200g Risotto Rice
3 Cups Chicken Stock
1 Cup White Wine
1 large Onion Finely Chopped
2 Garlic Cloves
1 Tbsp Butter
1 Tbsp Olive Oil
1 Cup Grated Parmesan Cheese
2 Tbsp Finely Chopped Herbs (thyme, rosemary, oregano, sage)
150g Boursin (or similar herb cheese)
1 Cup of Breadcrumbs
Salt and Pepper
Oil for Frying
Capers and Grated Parmesan to Decorate
- Melt the Butter and Olive Oil over a low heat and add the Onion and crushed Garlic. Stir and cover with a lid for 15mins or until the Onions are clear and totally soft.
- Add the Rice and stir well.
- Turn the heat to medium/low and add the Wine and allow to bubble and absorb in.
- Then add the Stock in the same way, little by little, allowing time for it to absorb. Stir occasionally to prevent sticking.
- When the rice is aldente add the chopped herbs, parmesan cheese and season with salt and pepper. Stir till incorporated fully.
- Remove from the heat and allow to cool to handleable temperatures. (I make it the night before).
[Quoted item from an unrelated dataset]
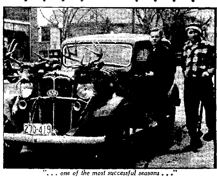
... one of the most successful seasons ...

League Meets Wednesday The Dane county sportsmen will hold a regular meeting Wednesday in the Superior court room of the Dane county court house at 8 p. m. Deer hunting will be discussed by state conservation officials.

- In a bowl beat one Egg and mix it into the Risotto.
- Beat the other Egg in a bowl and place the Breadcrumbs in another bowl, tossing in the Salt and Pepper.
- Taking a Tbsp of Risotto, use the back of a spoon to flattern and shape into a well.
- Take a tsp of Boursin and place it in the well. Then add a tsp of Risotto on top and seal it into a ball with your hands. Try and squeeze any air out of the centre (or this could cause it to pop open in the frier). See the process here!
- Roll the ball in the beaten Egg and then the Breadcrumbs and set aside for frying.
- Once you have completed all the balls, heat your Oil in a pan deep enough to cover the balls completely (or use a deep fat fryer on Medium).
- Fry each ball over a medium heat for approximately 5-10mins. Until golden brown and crispy. Serve straightaway with a sprinkle of Parmesan and a Caper on top.
You can Refrigerate them at this stage and reheat them for a party in a 200ºC oven for 10mins.